18 juin 2026 15 minutes

Réglementations cyber en 2026 : NIS 2, DORA, CRA, facturation électronique

L’année 2026 marque un point de bascule réglementaire pour les DSI, RSSI et DAF français. Quatre textes structurants entrent dans leur phase opérationnelle ou voient leurs premières échéances tomber. Ces textes sont la directive NIS 2, le règlement DORA, le Cyber Resilience Act et l’obligation de facturation électronique. La réglementation cyber en 2026 n’est plus un sujet prospectif, c’est un chantier à lancer au plus vite.

Cet article fait le point sur chacune de ces réglementations, explorant les périmètres concernés, les obligations clés, les risques en cas de non-conformité et les premiers chantiers à engager. Cet article vous apporte une vision consolidée pour vous aider à prioriser vos investissements et mettre aux normes votre SI avant la fin de l’année.

Pourquoi 2026 concentre autant d’échéances réglementaires

Les quatre textes traités dans cet article convergent vers un même objectif européen. Avec ces réglementation cyber en 2026, l’idée est de renforcer la résilience numérique des organisations face à des menaces qui se sont intensifiées, qu’il s’agisse de cyberattaques, de défaillances logicielles ou de fraude fiscale. La directive NIS 2 étend la cybersécurité à des milliers d’entreprises supplémentaires. Le règlement DORA harmonise la résilience opérationnelle du secteur financier.

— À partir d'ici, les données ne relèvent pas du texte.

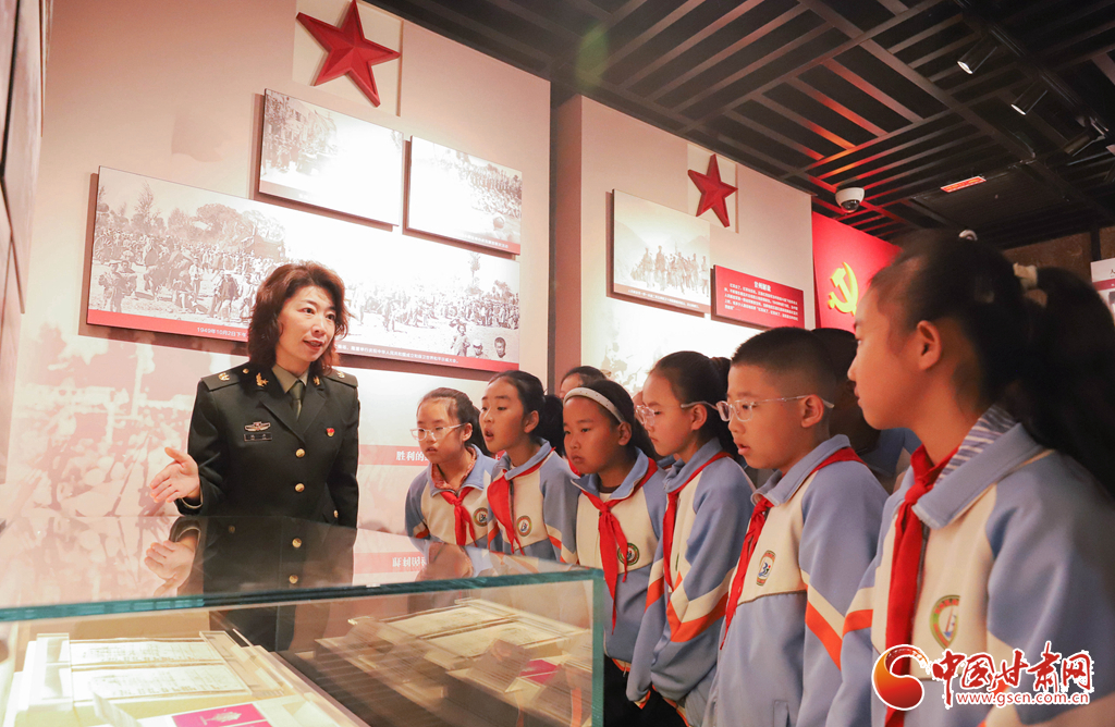 3月30日,高金城烈士紀念館內(nèi),張掖市甘州區(qū)北街小學(xué)的同學(xué)們正在聆聽講解員講述革命烈士的壯烈事跡。
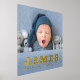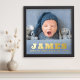 Photo poster with your baby's name, date of birth, weight and length in bold gold or silver foil letters.

Le Cyber Resilience Act régule la sécurité des produits numériques eux-mêmes. La facturation électronique, enfin, modernise la chaîne fiscale tout en imposant une traçabilité des flux comptables.

Trois points communs structurent ces quatre textes. D’abord la traçabilité, il faut pouvoir prouver ce qu’on fait, garder des logs, documenter les incidents. Ensuite la gouvernance, les responsabilités doivent être formalisées et pas implicites. Enfin la sécurité prouvable, il ne suffit plus de dire qu’on est sécurisé, il faut le démontrer par des audits, des registres et des notifications. Une organisation qui structure correctement ces fondamentaux pour un texte gagne du temps sur les trois autres.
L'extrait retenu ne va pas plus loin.